TO swipe an easy dinner - a wolf borrows the tools humans have left on the scene.
Where temperate rainforest meets the Pacific Ocean near Bella Bella, British Columbia, the Heiltsuk, a Canadian First Nation, have worked to contain a European green crab problem.
In 2021, the nation's Guardian program, which stewards lands and waters, set baited traps to remove this invasive species. But the traps were repeatedly torn apart. To identify the crab trap crook, a remote camera was set up in May 2024.
In the footage thus obtained, a wolf swims to the shallow from deep water, towing the buoy attached to the trap. She then backs toward shore while raising the rope to the surface.
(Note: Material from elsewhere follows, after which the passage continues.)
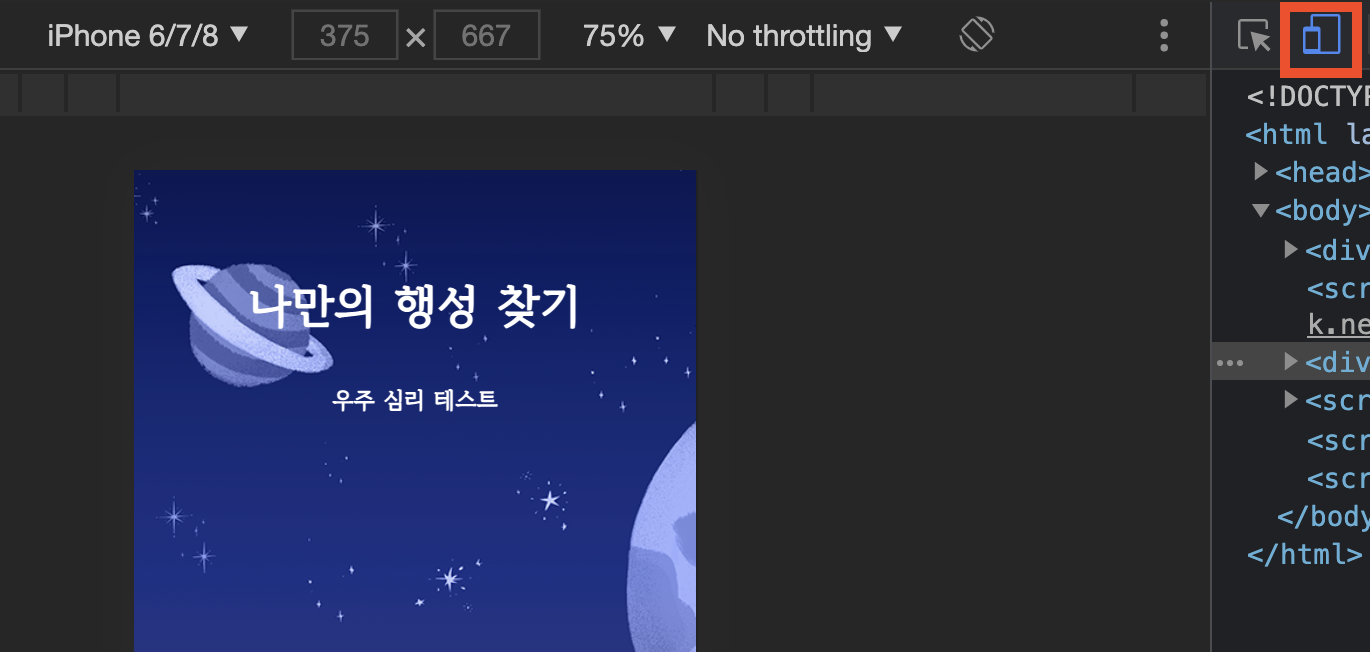 처음에 우리는 이 모드로 계속해서 확인 하면서 화면에 딱 맞는 크기로 페이지를 구현 하려고 했다.

After dropping the buoy and shaking herself partly dry, she returns to the water, gathers another length of rope and pulls again. On a third pull the top rises into water shallow enough for her to grasp the trap itself.
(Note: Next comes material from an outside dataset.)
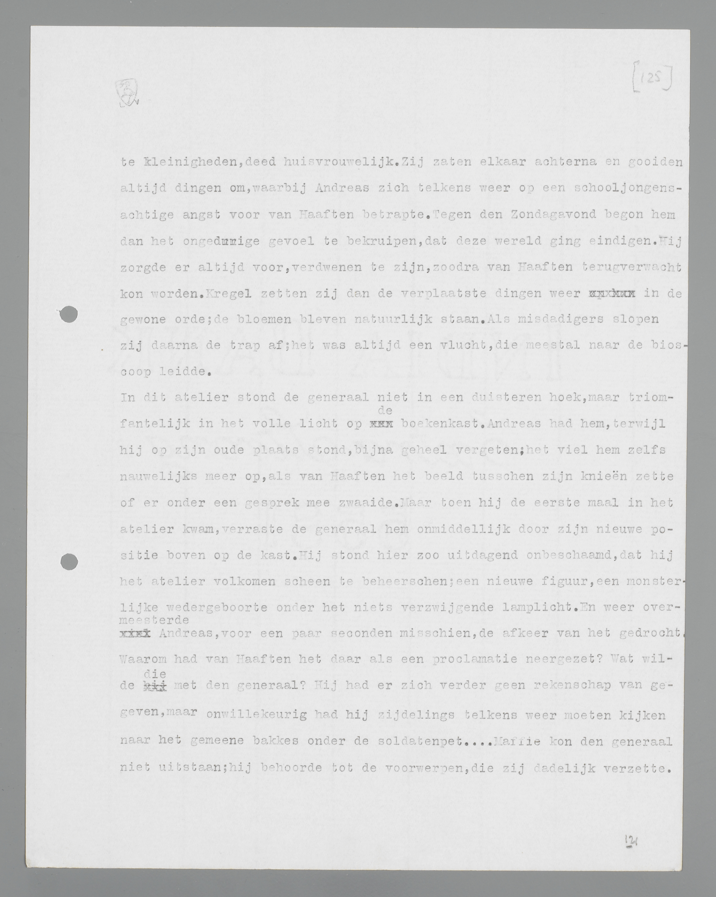 boekenkast. Andreas had hem, terwijl hij op zijn oude plaats stond, bijna geheel vergeten; het viel hem zelfs nauwelijks meer op, als van Haaften het beeld tusschen zijn knieën zette of er onder een gesprek mee zwaaide. Maar toen hij de eerste maal in het atelier kwam, verraste de generaal hem onmiddellijk door zijn nieuwe positie boven op de kast. Hij stond hier zoo uitdagend onbeschaamd, dat hij het atelier volkomen scheen te beheerschen; een nieuwe figuur, een monsterlijke wedergeboorte onder het niets verzwijgende lamplicht. En weer overmeesterde Andreas, voor een paar seconden misschien, de afkeer van het gedrocht. Waarom had van Haaften het daar als een proclamatie neergezet? Wat wilde hij met den generaal? Hij had er zich verder geen rekenschap van gegeven, maar onwillekeurig had hij zijdelings telkens weer moeten kijken naar het gemeene bakkes onder de soldatenpet.... Maffie kon den generaal niet uitstaan; hij behoorde tot de voorwerpen, die zij dadelijk verzette. Zij zou hem zeker op één of andere manier beschadigd hebben, als hij het eigendom van Andreas was geweest: nu bepaalde zij er zich toe, hem met zijn gezicht naar den muur te draaien, met een luidruchtige en oprechte grappigheid, die bij haar gewone optreden slecht paste.

Then, tearing through the nettings to reach the bait cup, she surfaces it up the beach, places it upright, licks out the sea lion strips that serve as bait and gobbles them down.
The researchers describe the footage as the first documented instance off a wolf using a tool.
To Sabina Nowak, a wolf ecologist at the University of Warsaw not involved in the study, the discovery is not shocking.
'' They're so intelligent,'' she said.
The World Students Society thanks Lesley Evans Ogden.